ОглавлениеSource.—Bishop Burnet's History of His Own Times, vol. iv., p. 395. (Oxford: 1833.)
… The company in Scotland, this year, set out a fleet, with a colony, on design to settle in America: the secret was better kept than could have been well expected, considering the many hands in which it was lodged; it appeared at last, that the true design had been guessed, from the first motion of it: they landed at Darien, which, by the report that they sent over, was capable of being made a strong place, with a good port. It was no wonder that the Spaniards complained loudly of this; it lay so near Porto Bello and Panama on the one side, and Carthagena on the other, that they could not think they were safe, when such a neighbour came so near the centre of their Empire in America: the King of France complained also of this, as an invasion of the Spanish dominions, and offered the court of Madrid a fleet to dislodge them. The Spaniards pressed the King hard upon this: they said, they were once possessed of that place; and though they found it too unhealthy to settle there, yet the right to it belonged still to them: so this was a breach of treaties, and a violent possession of their country. In answer to this, the Scotch pretended, that the natives of Darien were never conquered by the Spaniards, and were by consequence a free people; they said, they had purchased of them leave to possess themselves of that place, and that the Spaniards abandoned the country, because they could not reduce the natives: so the pretension of the first discovery was made void, when they went off from it, not being able to hold it; and then the natives being left to themselves, it was lawful for the Scots to treat with them: it was given out, that there was much gold in the country.

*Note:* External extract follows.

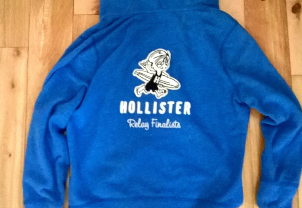 Hollister women hoodie div22 relay finalist edition. Blue color, full zip with hood. Cute little graphic in the back. Worn once and in excellent condition. No defects or hole. Please look at all pictures and measurements on pictures. If you have any question, please ask prior purchase. Please not that color can be slightly off due to camera lighting. Thank you for looking.

Certainly, the nation was so full of hopes from this project, that they raised a fund for carrying it on, greater than, as was thought, that kingdom could stretch to; four hundred thousand pounds sterling was subscribed, and a fourth part was paid down, and afterwards, seventy thousand pounds more was brought in, and a national fury seemed to have transported the whole kingdom, upon this project.
… Our English plantations grew … very jealous of this new colony: they feared, that the double prospect of finding gold and of robbing the Spaniards, would draw many planters from them into this new settlement; and that the buccaneers might run into them: for by the Scotch act, this place was to be made a free port; and if it was not ruined before it was well formed, they reckoned it would become a seat of piracy and another Algiers in those parts. Upon these grounds, the English nation inclined to declare against this, and the King seemed convinced, that it was an infraction of his treaties with Spain: so orders were sent, but very secretly, to the English plantations, particularly to Jamaica and the Leeward islands, to forbid all commerce with the Scots at Darien. The Spaniards made some faint attempts on them, but without success. This was a very great difficulty on the King; he saw how much he was like to be pressed on both hands, and he apprehended what ill consequences were like to follow, on his declaring himself either way.